Task statement →
Without the pictures, give every record again exactly.

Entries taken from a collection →
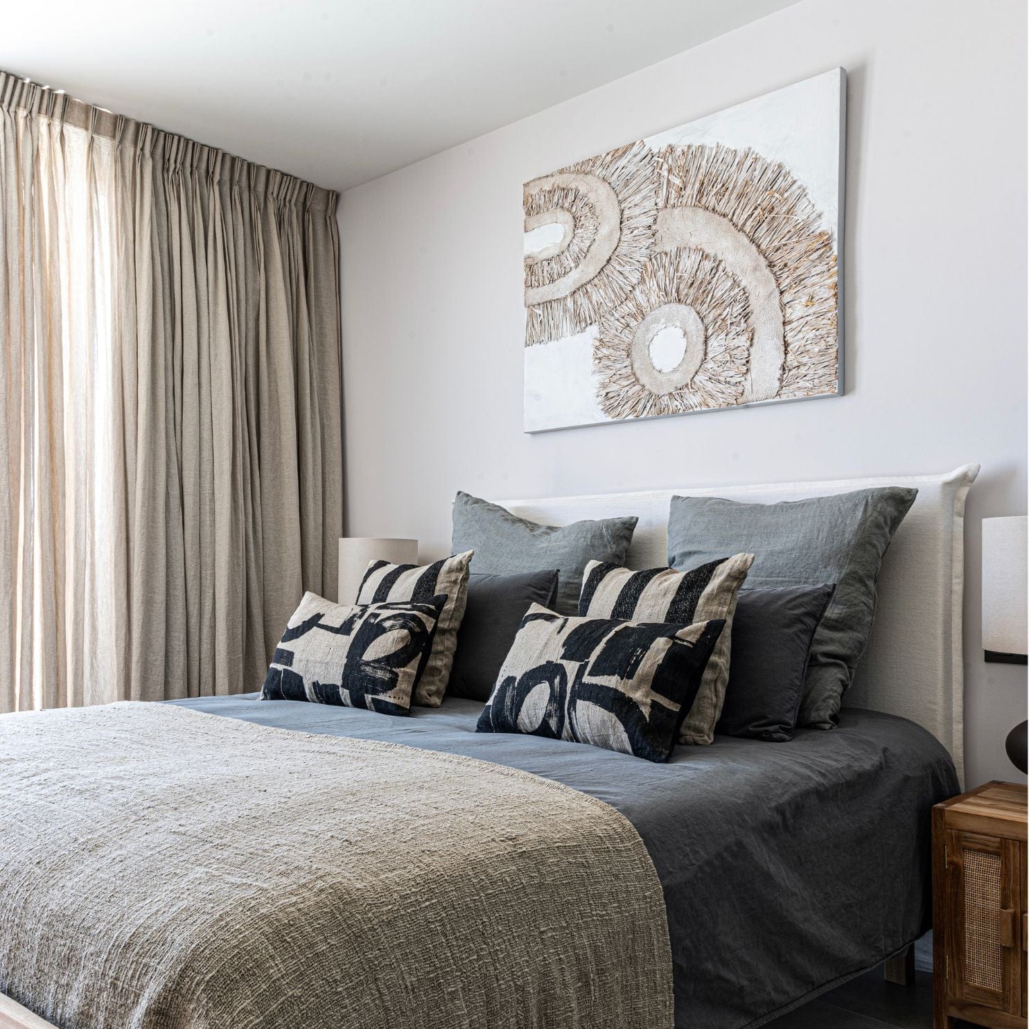 Des formes simples et arrondies tracées avec la texture rugueuse et rugueuse de l'herbe marine et de la toile trempée composent cette pièce, une œuvre d'art conceptuelle qui vous emmène sur une plage d' Ibiza .
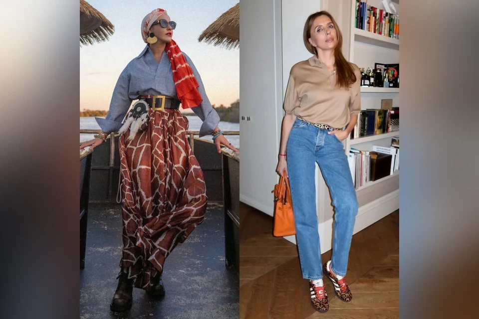 А вот Ксения простые образы не любит. В ее случае — чем навороченнее, тем лучше. Во время путешествия по Африке Собчак выгуляла эффектную юбку с принтом жирафа. «Я не знаю, как мне удалось, но я влезла в эту кутюрную жирафью юбку 2008 года от Roberto Cavalli», — похвасталась в своем блоге журналистка. Ее она сочетала с голубой рубашкой в полоску и грубыми ботинками. Дополнила образ ярким платком на голову, крупными украшениями и поясной сумкой с коровьим принтом, похожей на известный амулет — ловец снов. Что ж, Индиана Джонс нервно курит в сторонке.
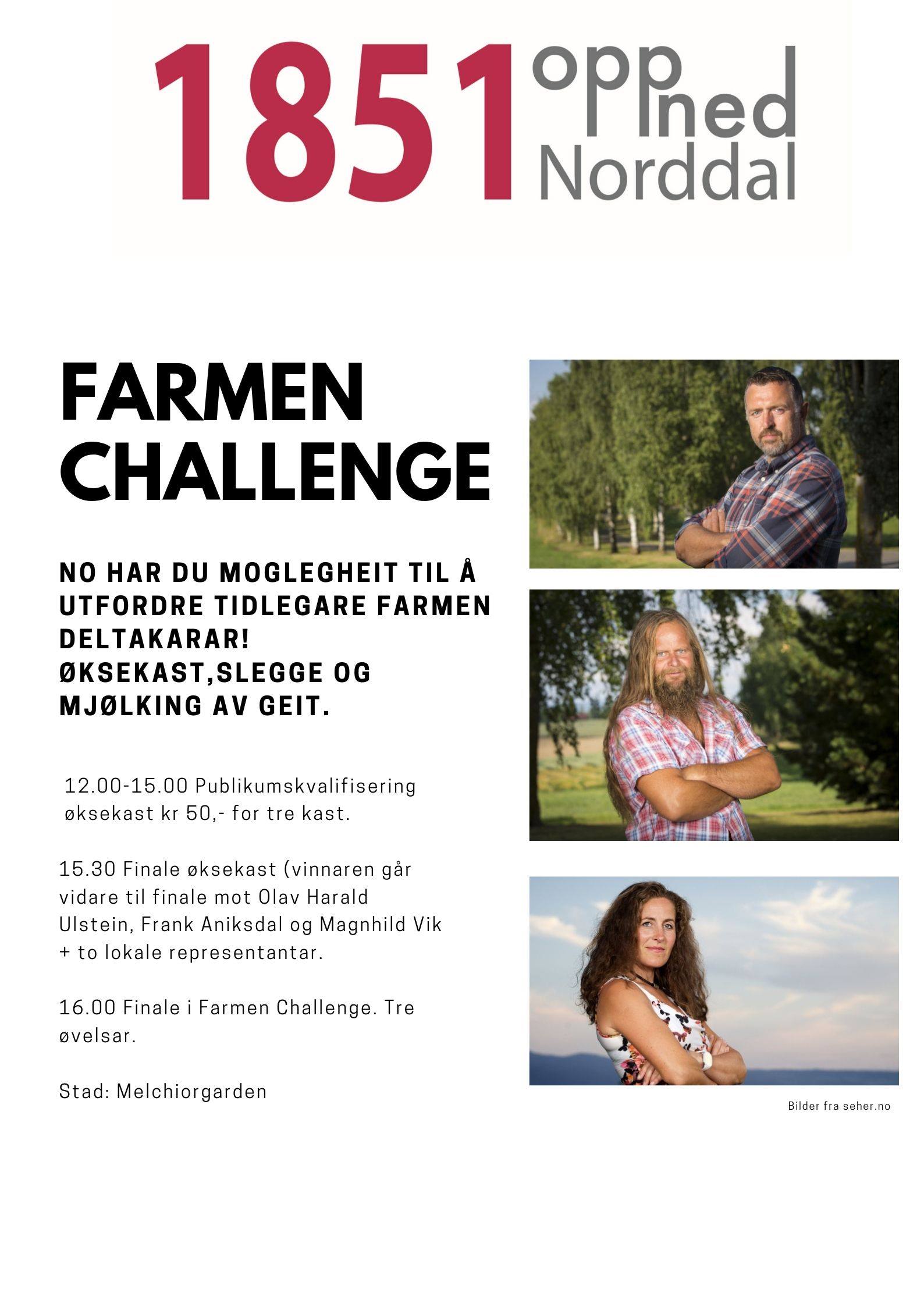 Det blir ikkje berre motbakke- og mosjonsløp under 1851 OppNed Norddal. Arrangørane inviterer i tillegg til ein durabeleg gardsduell, der også publikum kan måle krefter med tidlegare Farmen-deltakarar.
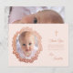 Foto på dop av rosa flicka i roséguld blomsterkran tack kort
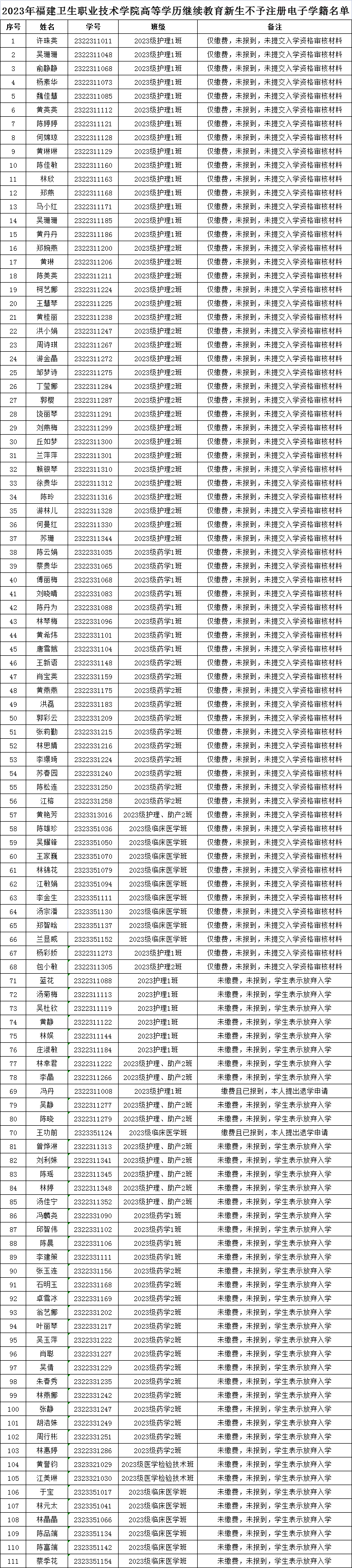 附件:2023年福建衛(wèi)生職業(yè)技術學院高等學歷繼續(xù)教育新生不予注冊電子學籍名單
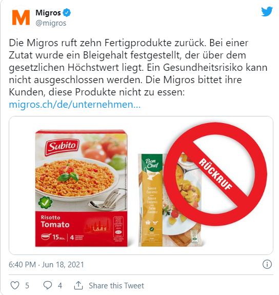 Dhjetë ushqime u tërhoqën nga raftet e rrjeteve më të mëdha të supermarketeve në Zvicër me urdhër të autoriteteve shëndetësore, arsyeja është sepse ato përmbajnë nivele tepër të larta të plumbit.
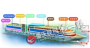 由歐洲游船專家、裝飾專家參與設計,長江上最舒適豪華的游輪———“世紀寶石”號,昨晚(9月1日)在(重慶)朝天門碼頭下水首航,標志著三峽游輪開始與歐洲豪華游輪水平逐步接軌。
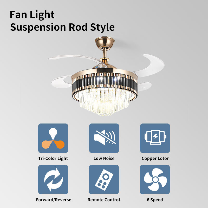 Wholesale Crystal Chandelier Ceiling Fan Retractable Modern 42\" 48\" LED Dimmable 6 Speed DC Motor Remote Control Living Room
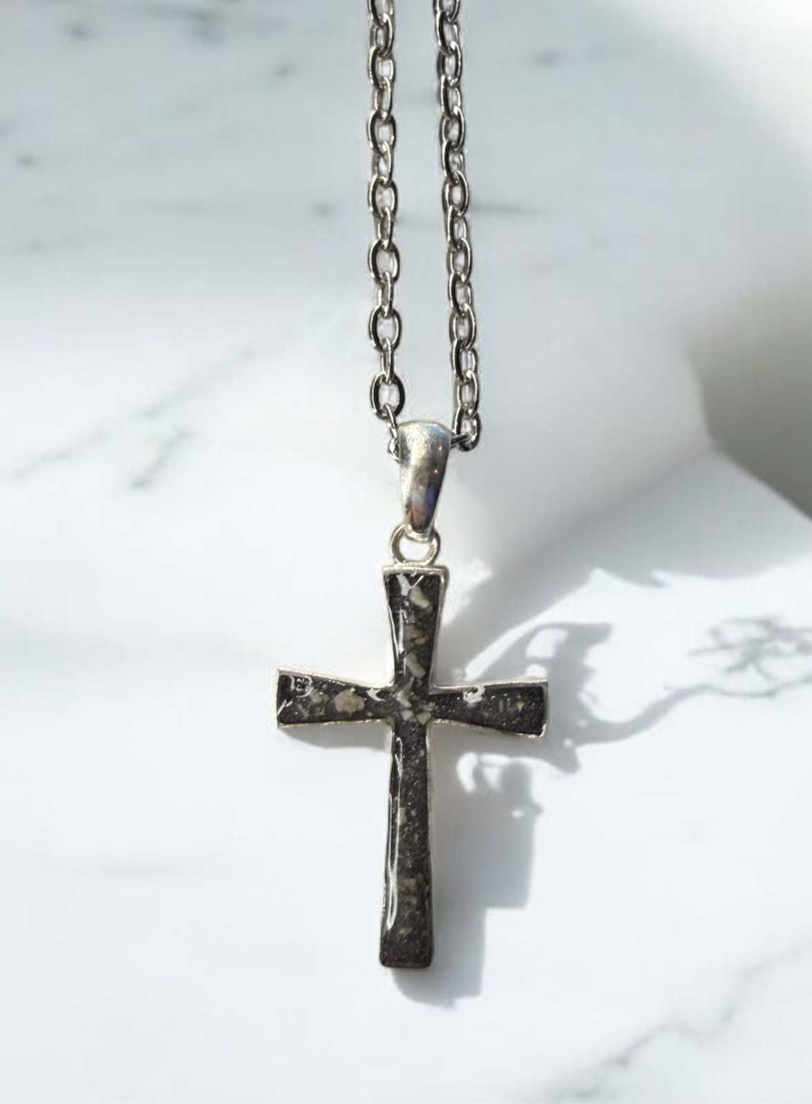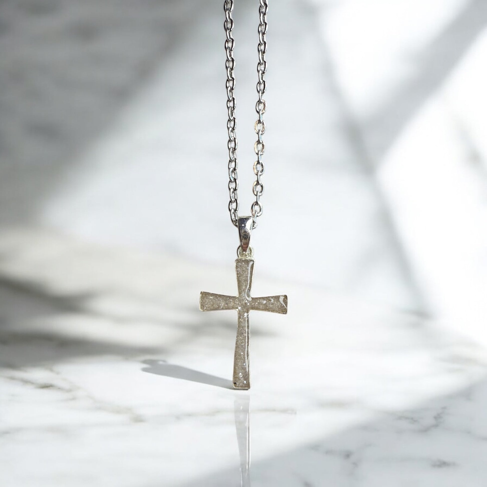 The Dainty Cross Sterling Silver Necklace is more than just a beautiful accessory - it's a unique piece of custom jewelry that holds a special meaning. Crafted with care, it can commemorate the memory of a loved one through the custom option of cremation and breastmilk jewelry. Cherish your memories with this heartfelt piece.

Task answer →
 Des formes simples et arrondies tracées avec la texture rugueuse et rugueuse de l'herbe marine et de la toile trempée composent cette pièce, une œuvre d'art conceptuelle qui vous emmène sur une plage d' Ibiza .
 А вот Ксения простые образы не любит. В ее случае — чем навороченнее, тем лучше. Во время путешествия по Африке Собчак выгуляла эффектную юбку с принтом жирафа. «Я не знаю, как мне удалось, но я влезла в эту кутюрную жирафью юбку 2008 года от Roberto Cavalli», — похвасталась в своем блоге журналистка. Ее она сочетала с голубой рубашкой в полоску и грубыми ботинками. Дополнила образ ярким платком на голову, крупными украшениями и поясной сумкой с коровьим принтом, похожей на известный амулет — ловец снов. Что ж, Индиана Джонс нервно курит в сторонке.
 Det blir ikkje berre motbakke- og mosjonsløp under 1851 OppNed Norddal. Arrangørane inviterer i tillegg til ein durabeleg gardsduell, der også publikum kan måle krefter med tidlegare Farmen-deltakarar.
 Foto på dop av rosa flicka i roséguld blomsterkran tack kort
 附件:2023年福建衛(wèi)生職業(yè)技術學院高等學歷繼續(xù)教育新生不予注冊電子學籍名單
 Dhjetë ushqime u tërhoqën nga raftet e rrjeteve më të mëdha të supermarketeve në Zvicër me urdhër të autoriteteve shëndetësore, arsyeja është sepse ato përmbajnë nivele tepër të larta të plumbit.
 由歐洲游船專家、裝飾專家參與設計,長江上最舒適豪華的游輪———“世紀寶石”號,昨晚(9月1日)在(重慶)朝天門碼頭下水首航,標志著三峽游輪開始與歐洲豪華游輪水平逐步接軌。
 Wholesale Crystal Chandelier Ceiling Fan Retractable Modern 42\" 48\" LED Dimmable 6 Speed DC Motor Remote Control Living Room
 The Dainty Cross Sterling Silver Necklace is more than just a beautiful accessory - it's a unique piece of custom jewelry that holds a special meaning. Crafted with care, it can commemorate the memory of a loved one through the custom option of cremation and breastmilk jewelry. Cherish your memories with this heartfelt piece.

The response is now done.